ESLI has stopped offering these workshops. No one has picked up the ball except for the Holocaust Art Restitution Project (HARP). A proposed workshop on provenance research to be held in New York City in the second half of April has not garnered much support and this, in the heart of the global art market.

How can one interpret such obvious disinterest in provenance training?

Several possibilities:

1/ people complain about the lack of training but, when the opportunity arises to benefit from such training, they balk and stay home.

2/ art world specialists (museums, museum studies programs, auction houses) should offer provenance research training not NGOs like HARP. To date, that has not happened.

3/ the art world has survived thus far without provenance research training and will continue to do so until the ends of time. Hence, who cares?

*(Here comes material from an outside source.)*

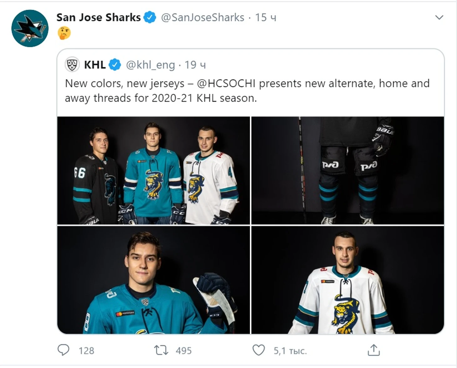 В комментарии к сочинском клубу достаточно быстро прибежали и болельщики из-за океана. Естественно стали отмечать аккаунт «Сан-Хосе» и сетовать не поразительное сходство. Удивительно, но клуб из Калифорнии молчать и правда не стал. Вчера вечером официальный Твиттер-аккаунт «акул» ретвитнул пост КХЛ о презентации новой формы «леопардов», сопроводив это всего лишь одним символом – сомневающимся эмоджи.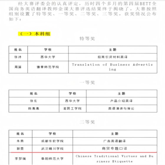 BETT全国商务英语翻译教师金课大赛作为国内商务英语翻译教育领域的顶级赛事,一直以其专业性、权威性和影响力著称。每年来自全国各地的优秀商务英语翻译教师齐聚一堂,展示他们的教学风采和教学成果。而郭老师能够在如此激烈的竞争中脱颖而出,足见其在商务英语翻译教学领域的深厚功底。

4/ restitution and repatriation claims are considered to be part of “the cost of doing business” which is why the art world does not promote training in provenance research. Museums, art dealers, galleries, collectors, fold in the possibility of litigation as a reasonable yet annoying aspect of their trade. So, ignorance has a price, but one that they are willing to pay, for not asking questions about art objects in their possession. Hence, one could argue that the global art world plays fast and loose with the law and hopes to get away with it, one way or another. On occasion, the gambit does not work out as some antiquities dealers and art galleries have discovered in past years.

Should all of the aforementioned possibilities be close to the mark and bear some semblance of accuracy, provenance research, unless supported by governments (like in Germany), is doomed as an independent profession. To date, the art world has done nothing to promote and foster a healthy environment for such training.  The same applies to universities and colleges, except for a handful (literally!).

One can only deduce that training in how to conduct research in the history of ownership of art objects is merely an option, perhaps even a hobby, well-remunerated for a very few, which makes us wonder who can rightfully call themselves a provenance researcher unless, by trial and error, that individual has proven his/her worth. Proving one's worth is in the eye of the beholder since there exist no objective standards by which to assess the quality of one's research.  For those of you who might be offended by this remark, you should understand its deeper meaning since one cannot declare a skill a profession until there is established a universal code of behavior and "professional" standards to be followed by its practitioners.

So, for now, provenance research training is a dead letter until someone administers CPR and revives it from its medically-induced coma.